Banking on the RLGA
Lt. Gov. Phil Scott joined the Republican Party in Boston a couple days ago. The supposedly reluctant Republican found time to attend his first Republican Lieutenant Governors Association (RLGA) meeting. And of course he didn’t “just join” the party in the sense of becoming a bona fide member, but you might be forgiven for receiving that mistaken impression if you read his comments in the Free Press’s VtBuzz. In fact, given the way he (and by lazy reportage, the Free Press) races to spin himself as a moderate, you might have gotten the impression that the entire Republican Lieutenant Governor’s Association meeting was a special bipartisan training workshop.
One Democrat, Massachusetts Lt. Governor Tim Murray, was on hand for one session, but that hardly makes the typically highly partisan event politically neutral. Murray is resigning office soon for the private sector. This is the Tim Murray who, some may recall, was arrested in 2012 for crashing a state-owned Crown Vic into a rock ledge at almost 100 mph. He was at the RLGA conference to discuss emergency preparedness planning.
So VtBuzz says Scott scooted out of town for the Boston meeting Sunday after racing at the Devils Bowl in West Haven. Scott has certainly been in politics long enough to know what to expect, but surprisingly claimed he didn’t know what to expect (and Freep political blogger Nancy Remsen takes his word for it):
“I didn’t know what to expect,” Scott said about attending a meeting of just Republican lieutenant governors. “I thought it was going to be more partisan.” [emphasis added]
Partisan enough, on the flip …
Scott claims he didn’t know what to expect, but he did expect it be “more partisan”. Well, how partisan was it?
A partisan organization, the RLGA bills itself as the only national organization committed to raising money and assisting Republicans in campaigns for Lieutenant Governor. The RLGA is one of the party-building groups overseen by the Republican State Leadership Committee (RSLC).The RSLC chief is Ed Gillespie (former counsel to President GW Bush), who with Karl Rove founded the American Crossroads “superPAC.” Don’t know how much more ‘partisan’ the RLGA can get.
The Vice Chairman of the RLGA is Lt. Gov. Tate Reeves of Mississippi, elected in March. His task:
“[…] helping elect more strong conservative leaders to lieutenant governor offices around the country,”
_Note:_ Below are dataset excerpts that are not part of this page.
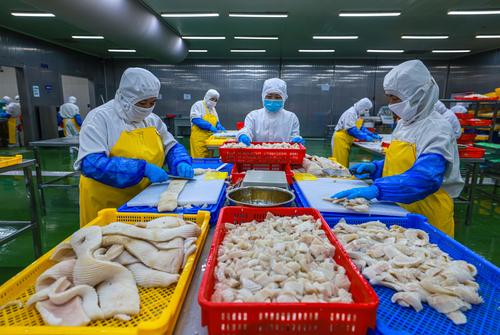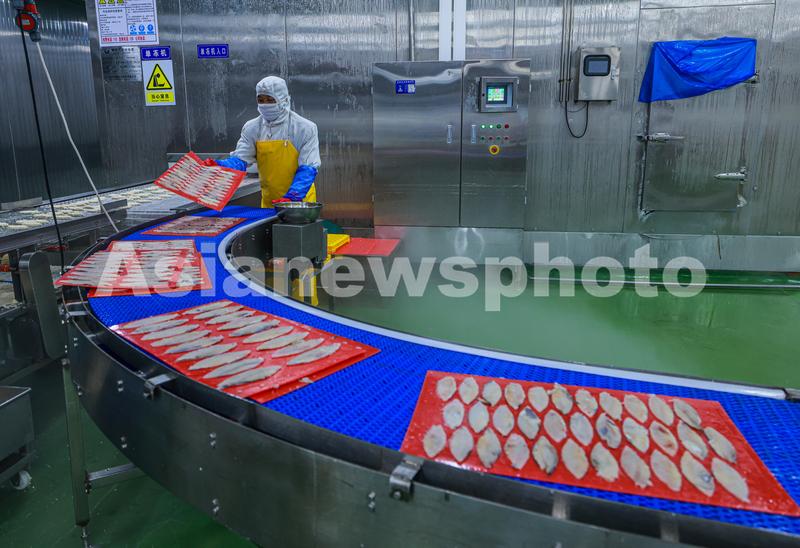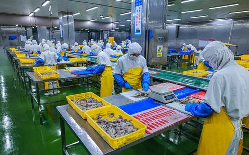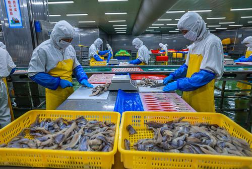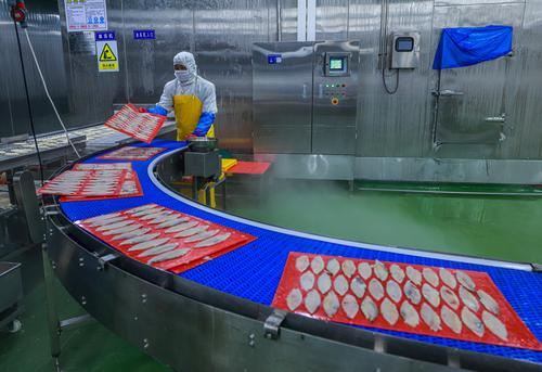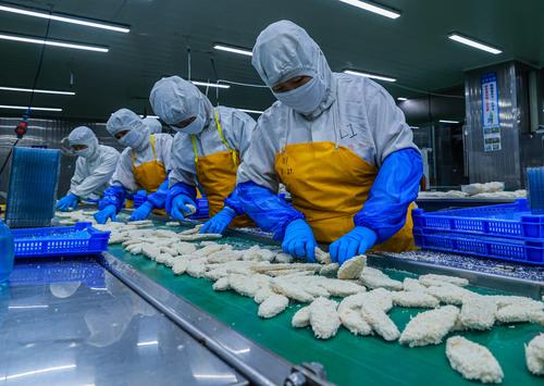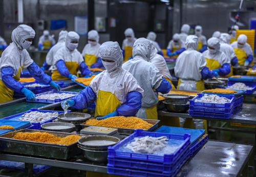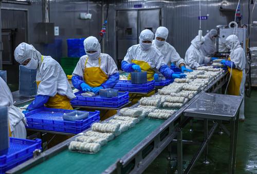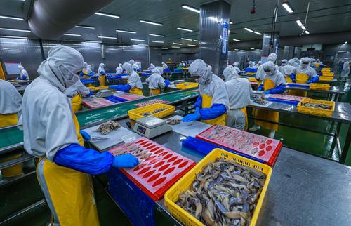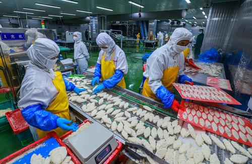图片说明:2022年8月11日,在山东省荣成市石岛管理区一家海洋食品加工出口企业的生产车间内,工人们在加工各类鱼肉制品。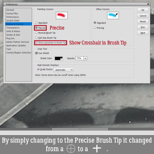 I tested some other options and didn’t like the ones that use an eye-dropper icon. When I switched to Precise and left the Crosshair box ticked. the cursor changed from that faint circle with the crosshairs to just a plus sign, but it was infinitely more visible even against most shades of gray. The one drawback is that the SIZE of the Brush Tip isn’t obvious with this setting. The Shield will appear when you click the Brush over a spot, and you’ll have an idea of size that way. I can live with that.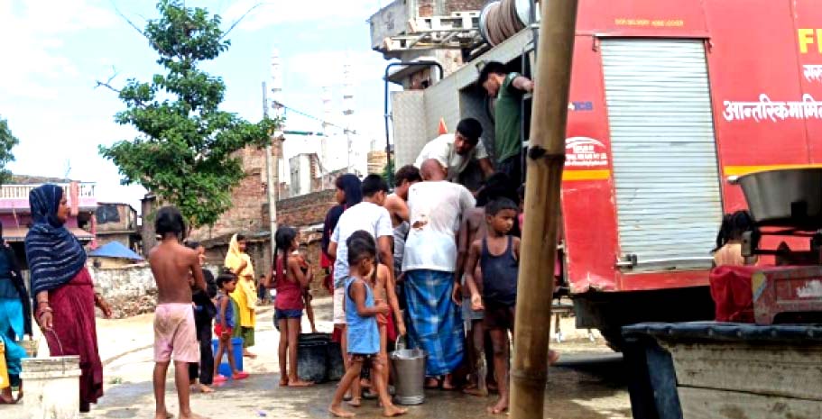 सखुवाप्रसौनी गापाद्वारा पानी ओसारेर वीरगंज महानगरमा वितरण गर्दै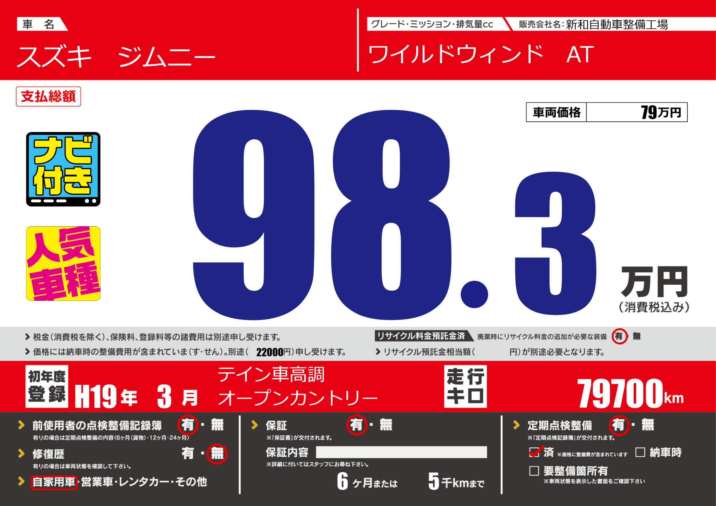 | 定期点検整備 | 定期点検整備あり 定期点検整備済み | ||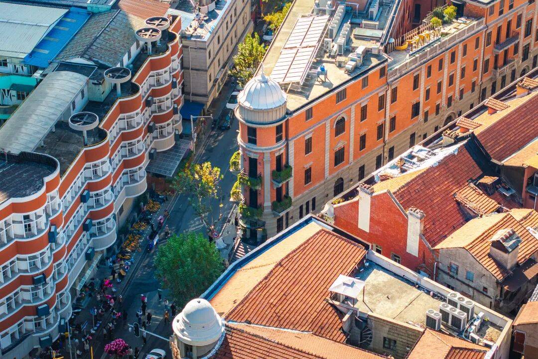 一栋宛如上海武康大楼造型的建筑,甚至比前者建造年份更久远,本身就自带“红”的属性。1910年,俄国商人巴诺夫兄弟建成了巴公房子,靠近黎黄陂路的三角形建筑被称为“小巴公”,靠近兰陵路一端的多边形建筑被称为“大巴公”。之后几经辗转,如今成为了武汉文旅集团旗下的精品酒店。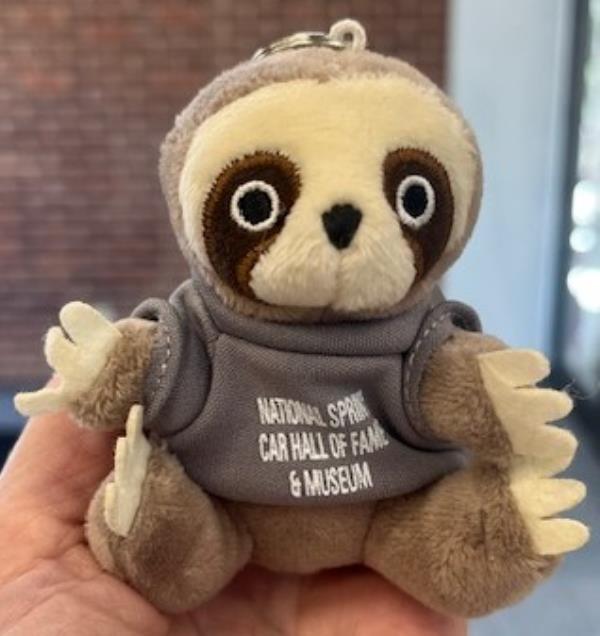 These are a plush key chain made out of polyester fibers, surface washable 3" seated, wearing a T-shirt (assorted colors) that says National Sprint Car Hall Of Fame & Museum.
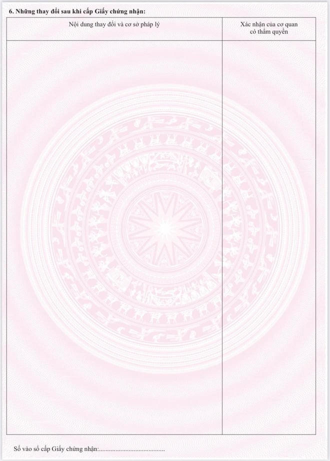 Giấy chứng nhận sẽ bao gồm một tờ có 2 trang, được in nền hoa văn trống đồng màu hồng cánh sen (được gọi là phôi Giấy chứng nhận), với kích thước 210x297mm.

And Scott might have visited with Mike Huckabee, the former Arkansas Governor and ordained Southern Baptist minister who is certainly no stranger to red-meat partisanship, who was on hand at the event. A happy Huckabee tweeted with joy:
Joined impressive #conservative lt. governors in Boston for @theRLGA National Meeting. Important to support these strong leaders!
Unfortunately VtBuzz’s Remsen hardly bothered to question Scott’s reporting from Boston. And it leaves one wondering: What prompted the Vermont Republican-lite lite gov to tear himself away from the race track in mid-summer?
Hmmmmn, could it possibly have been to make a pitch for campaign funds from the national Republican money raising group?
Not to mention, Scott’s first outreach to the RLGA looks more than a little interesting in the light of recent stories of a rift in the VT Republican Party that supposedly pits Scott’s “moderate” faction against that of red-meat party Chairman Jack Lindley, whose fundraising efforts lionize folks like Maine’s Gov. Paul LePage, who has broken the veto record for his state and engaged in a very public scrap with most of the state’s major dailies.
Of course, maybe it’s as simple as Scott realizing that his party is broke(n) under Lindley’s leadership, and the money to run has to come from somewhere. And Scott may have to run further to the right to qualify for RLGA funds. Attending the conference was likely a step in that direction.